EXERCISE DIRECTIONS:
Copy the records below line by line and word for word, from the very first line through the line with "Explore a striking", omitting each picture.

[PROVIDED ENTRIES Boundary: Start]

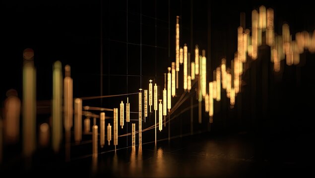 Dynamic financial chart with glowing candlestick bars showing market trends and data visualization
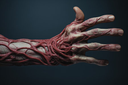 Explore a striking illustration showcasing a human hand and arm, featuring the intricate vascular system. Ideal for educational purposes in medical fields.
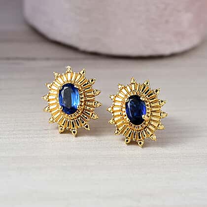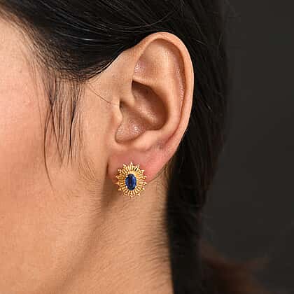 Unveil the charm of this sunburst-inspired Kashmir kyanite stud earring, a perfect touch of beauty for your jewellery collection. Featuring a captivating blue natural kashmir kyanite gemstone at the heart of the piece, complemented by a gold-tone sunburst design. Exclusively crafted in 925 sterling silver in yellow gold plating, this piece ensures a shine and polished finish. The striking gold finish makes the stud perfect for adding a pop of colour and warm to any outfit. The hypoallergenic properties of the metal make the earring safe and secure for sensitive skin. Ideal for everyday wear, special occasions, or gifting, this bold jewellery piece transforms your outfit.
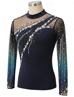 Maglia da pattinaggio artistico Per uomo Pattinaggio sul ghiaccio Top Blu marino scuro Patchwork Elasticizzato Allenamento Competizione Vestiti da pattinaggio sul ghiaccio Classico Cristallo / Strass
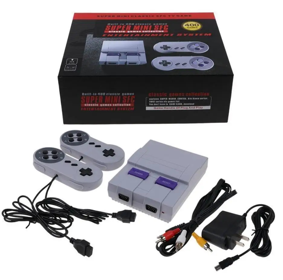 SUPER Mini 8-bit Classic Game Console Entertainment Built-in 400 Games Christmas Gift for Kids Built-in 400 classic games, let you enjoy yourself in the game worldComes with two high quality controllers, audio video cable and AC adapterCan be connected to TV with AV cable for large screen game playingSmall and convenient size thats easy to carry, use and travel with everywhere you goA great Christmas gift for your kids or your friendsSpecification:Input: AC 220 VOutput: DC 6V-150mATV signal system: PAL-DTV status: AVWhats included :1 x Game Console2 x Wired Controllers1 x AV Cable for TV1 x Power Plug1 x User ManualReturn Policy
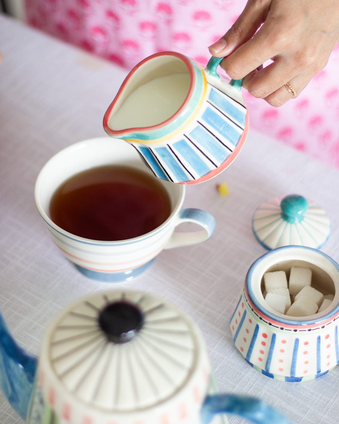 Arunya Hand painted Ceramic Teacup & Saucer -Set of 4
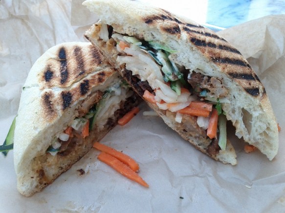 I have gone on record as saying that I’ve never had a genuinely good meatloaf sandwich, and I believe that’s because it’s a much more difficult sandwich than most people seem to think. To begin with, making a really good meatloaf isn’t easy, they’re far too often dry and bland. Beyond that the proportions in the sandwich are tough to get right, with enough meatloaf to matter you need a really fine balance of other ingredients, and it just wasn’t something I’d ever seen anyone pull off. Until, that is, I tried the meatloaf sandwich at Mendocino Farms.
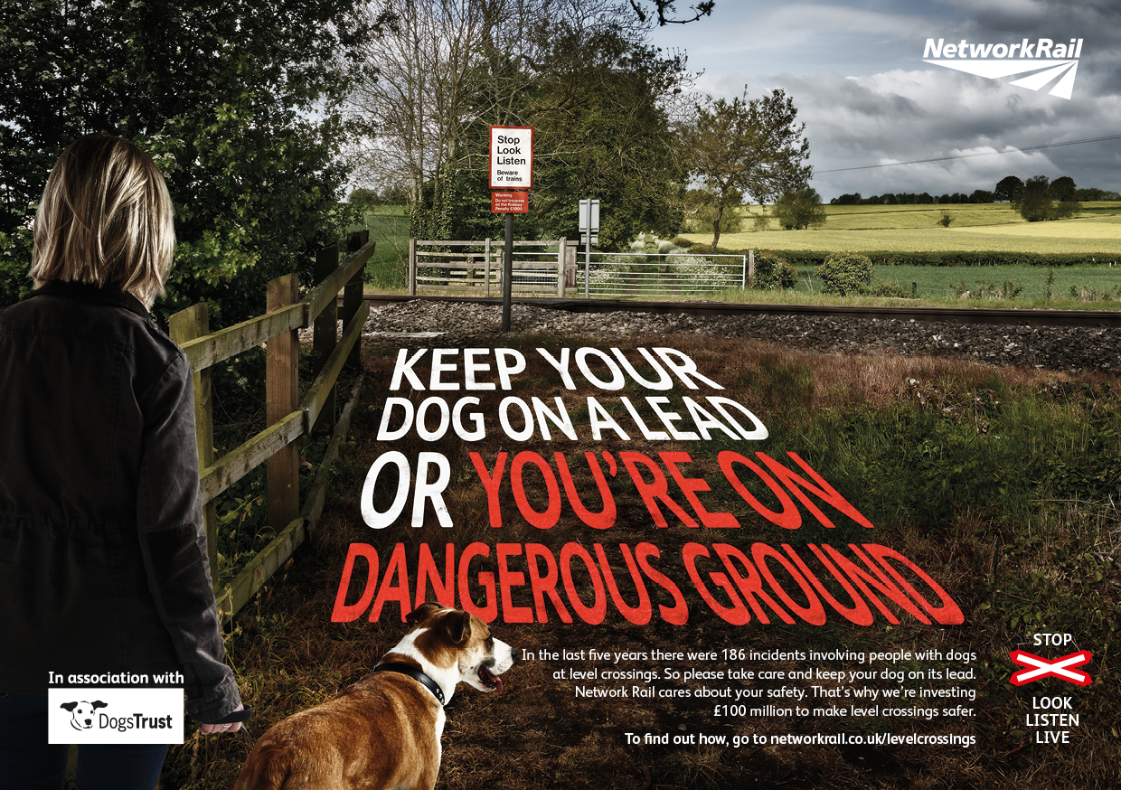 Network Rail has teamed up with Dogs Trust, the UK's largest dog welfare charity, which is supporting the campaign and will be including level crossing safety materials in its rehoming packs for new dog owners handed out at its 20 rehoming centres across the country.
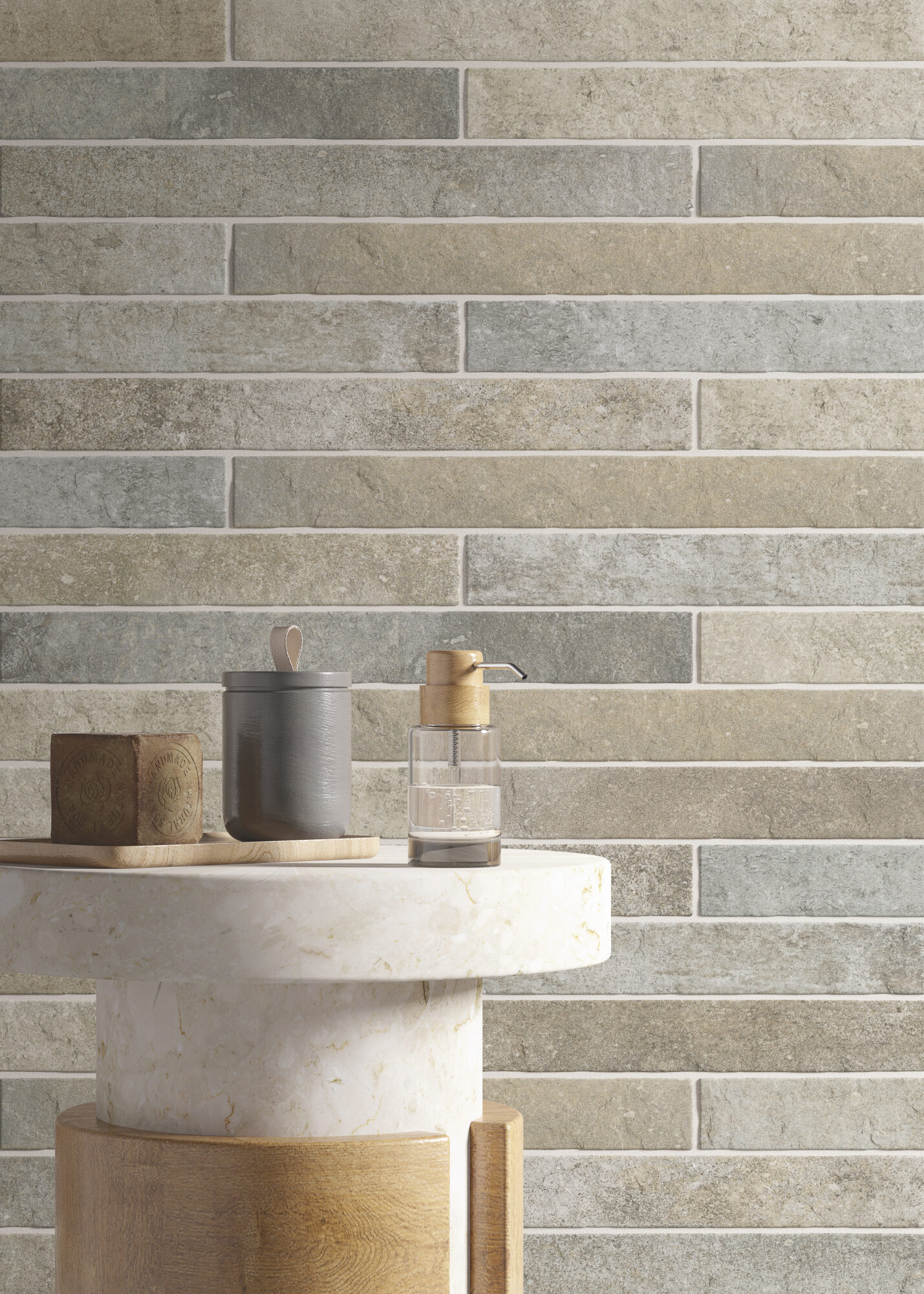 昔ながらの磁器タイルの質感と、くすみカラーやスレンダーな形状の調和により、空間に洗練された雰囲気をもたらします。 ザラつきのあるテクスチャーにより、インドアとアウトドア、さまざまな空間シーンへの調和を可能にしました。
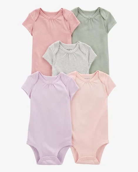 O Kit 5 Bodys Manga Curta Cores Neutras Detalhe Laço Carter’s é a escolha perfeita para unir praticidade, delicadeza e conforto no enxoval da sua bebê. Produzidos em 100% algodão macio e respirável, garantem suavidade para a pele sensível do bebê e liberdade total de movimentos.
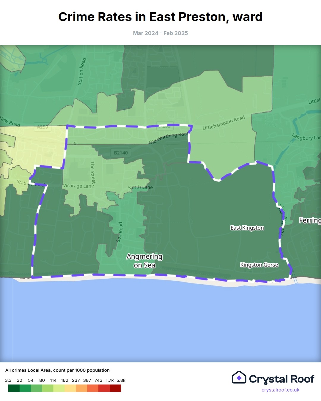 East Preston, (ward) includes areas with the following crime ratings (see map):
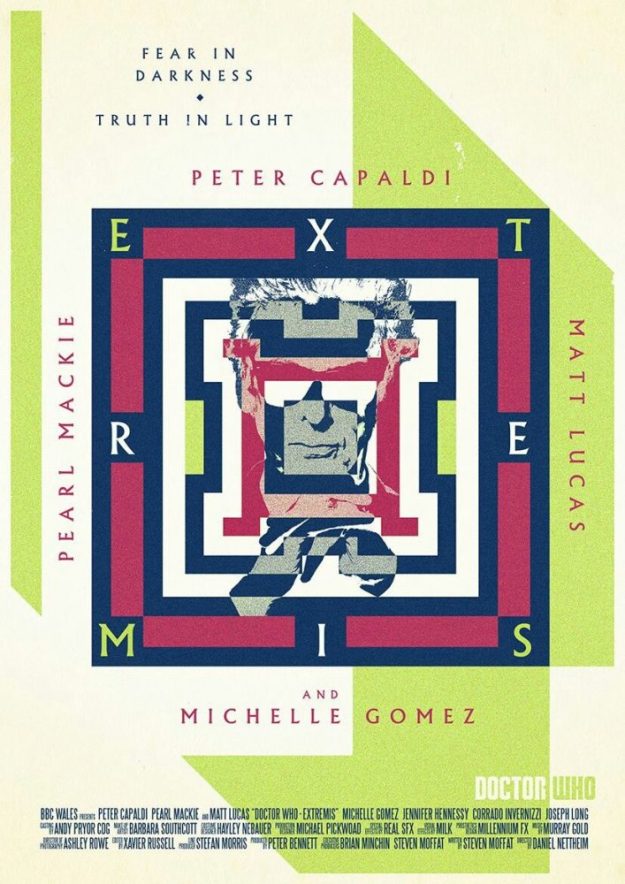 The DVD/Blu-ray special features for this episode are as follows. There’s the ‘Extremis’ – Inside Look’ behind-the-scenes featurette, and there’s the ‘Doctor Who: The Fan Show – The Aftershow’ edition for ‘Extremis’.
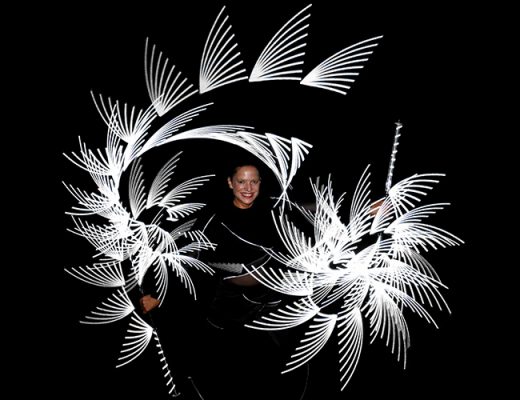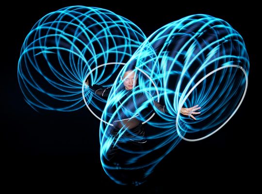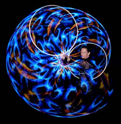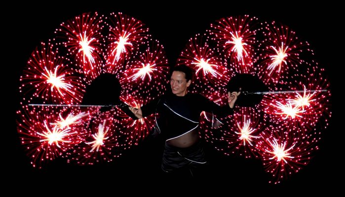 esteffania`Lichtshows sind einzigartig und perfekt inszeniert. Denn die Künstlerin programmiert und choreografiert ihre Shows selbst. Die verwendeten Requisiten sind exakt auf Musik und Artistik abgestimmt, wodurch faszinierende Muster und Lichtbilder entstehen.
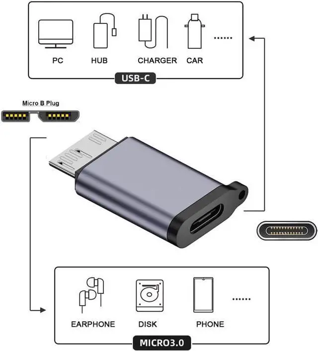 USB-C USB 3.1 Type C Female to Micro USB 3.0 Male Data Adapter 10Gbps Data Power with Chain for Laptop SSD Disk
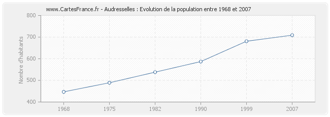 Cette courbe reprend l'historique de la population d'Audresselles de 1968 à 2007 en interpolation cubique. Ceci permet d'obtenir plus précisément la population de la commune d'Audresselles les années ou aucun recensement n'a été effectué.
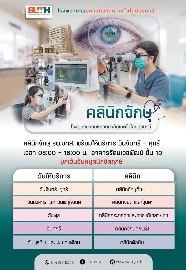 🧐👁️คลินิกจักษุ โรงพยาบาลมหาวิทยาลัยเทคโนโลยีสุรนารี 🧡💚 🗓️พร้อมให้บริการ วันจันทร์-ศุกร์ 🕗 เวลา 08:00-16:00 น. 🏥 อาคารรัตนเวชพัฒน์ ชั้น 10 โรงพยาบาลมหาวิทยาลัยเทคโนโลยีสุรนารี ❌ยกเว้นวันหยุดนักขัตฤกษ์❌
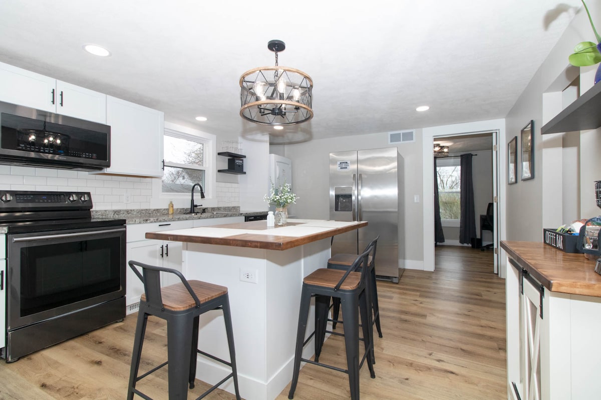 Llena de luz y acurrucada entre los árboles maduros del barrio de Maplewood. Esta casa de ladrillo de una sola planta tiene una ubicación céntrica; cerca de Uptown y Downtown, los campus de ISU e IWU y a menos de 10 minutos de Rivian y State Farm. Recién reformado y diseñado con una estética moderna, nuestros huéspedes vienen a explorar Bloomington/Normal, pero nos dicen que están igual de felices pasando el tiempo y relajándose en nuestro rancho moderno. ¡Durante tu estancia podrás disfrutar de un cargador de vehículos eléctricos recién instalado!
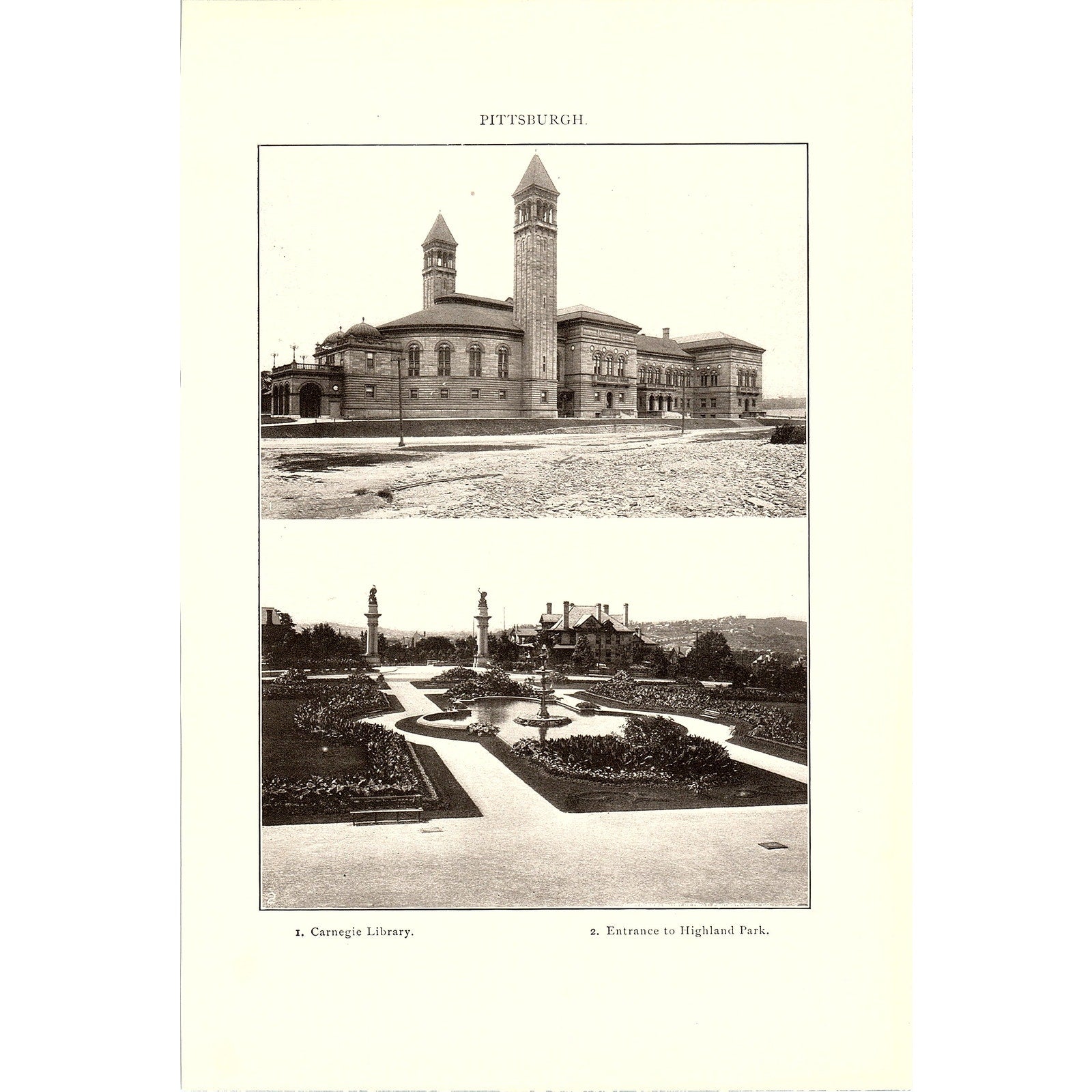 Pittsburgh - Carnegie Library, Entrance to Highland Park Art Print 6.5x10 V6
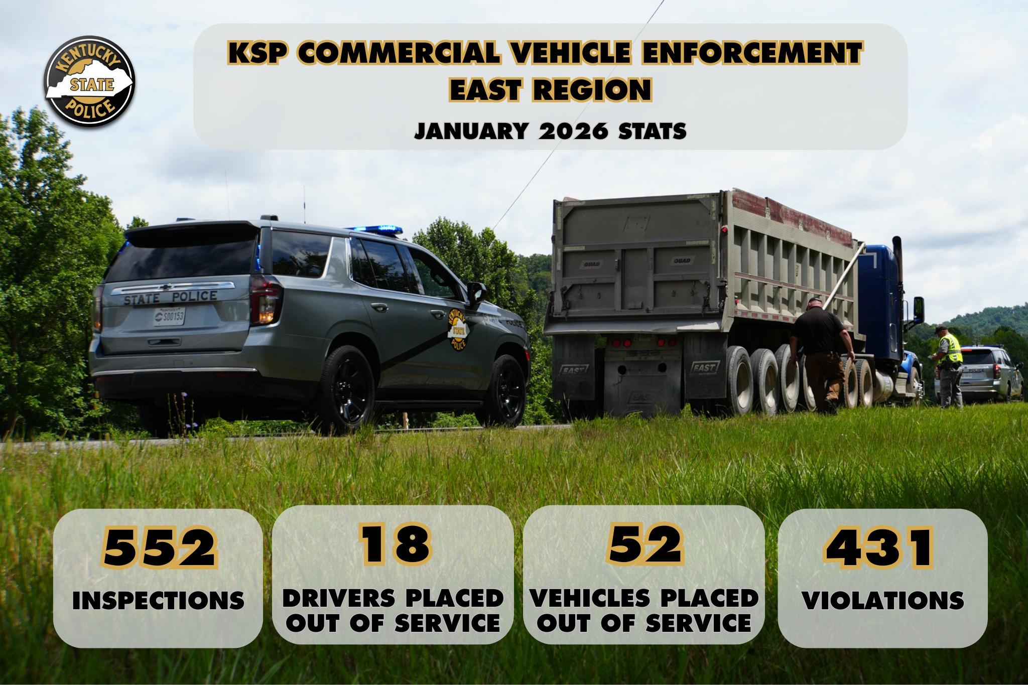 KSP East Region troopers conducted 552 commercial motor vehicle inspections in January, citing 431 violations. A total of 18 drivers and 52 vehicles were placed out of service during the month. A vehicle being placed out of service means a safety issue was found that had to be corrected before the commercial vehicle could return to the road.
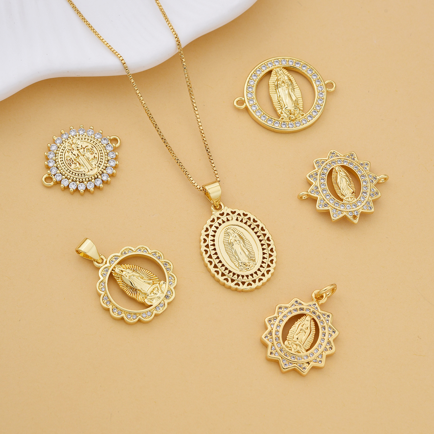 Jewelry European and American Fashion Cross-Border Religious Copper Micro-Paved Zircon Pendant Women's Jewelry Catholic Virgin Mary Necklace

[PROVIDED ENTRIES Boundary: End]

ANSWER TO THE EXERCISE:
 Dynamic financial chart with glowing candlestick bars showing market trends and data visualization
 Explore a striking illustration showcasing a human hand and arm, featuring the intricate vascular system. Ideal for educational purposes in medical fields.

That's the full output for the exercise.